So retired U.S. Supreme Court Justice John Paul Stevens is calling for a repeal of the 2nd Amendment.

Only 5,895 more policymakers have to agree.

But unlike Stevens, those 5,895 men and women need to have an actual vote in the matter, serving as legislators in federal and state government.

Stevens, who turns 98 in a few weeks, made his view known in an op-ed in the New York Times, arguing that schoolchildren and others calling for various gun control measures need to set their sights higher and demand a repeal of the 2nd Amendment, dubbing it “a relic of the 18th century.”

Of course, the means to repeal the amendment also dates back to the 18th century.

Repeal would require a new amendment. And the U.S. Constitution provides limited ways to do that. New amendments can be proposed by a two-thirds majority of both the U.S. Senate and House of Representatives or by a constitutional convention. Such a convention would need to be called for by two-thirds of the nation’s state legislatures.

Assuming the repeal effort took the first route — none of the amendments so far have come through a convention — the proposed amendment would need the support of 290 House members and 67 U.S. senators.

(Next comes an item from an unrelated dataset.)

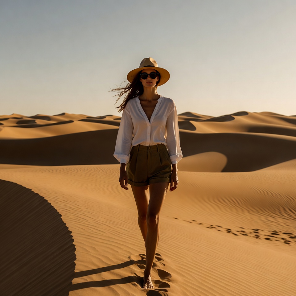A woman with long flowing hair and sunglasses walks barefoot through golden sand dunes. She wears a white button-up shirt, khaki shorts, and a beige fedora hat. The vast desert landscape stretches endlessly under a bright sky.

And that’s just for the repeal amendment to be proposed. To become part of the Constitution, the new amendment must be ratified by three-fourths of the state legislatures. That’s the general assemblies of 38 of the 50 states.

State legislatures — like the states themselves — are not created equal. But as of last year, the number of men and women serving as state legislators was 7,383, according to the National Conference of State Legislatures.

So based on averages, across the nation some 5,538 of those legislators would need to vote to ratify the repeal in order to achieve the required three-fourths vote.

Adding those to the 67 U.S. senators and 290 House members needed brings the total number of legislators needed for a repeal to 5,895.

And what is the likelihood of finding that many votes to repeal the 2nd Amendment?

“Unlikely and nil,” is the probability range, says longtime political science professor John S. Jackson, of the Paul Simon Public Policy Institute at Southern Illinois University.

The U.S. House is “gerrymandered heavily in the Republican states toward the rural areas, and the Senate is constitutionally gerrymandered,” Jackson said, allowing lower population states and nonurban Americans to have a disproportionate vote.

“We have rule by an intense minority, and nobody’s going to change the Constitution on the distribution of two Senate seats to every state, and that is the most important” factor, Jackson said.

So Stevens’ call to repeal the 2nd Amendment?

“Thirty-eight states it takes to do that, and there is no way you can find 38 states that would agree with the justice,” Jackson said.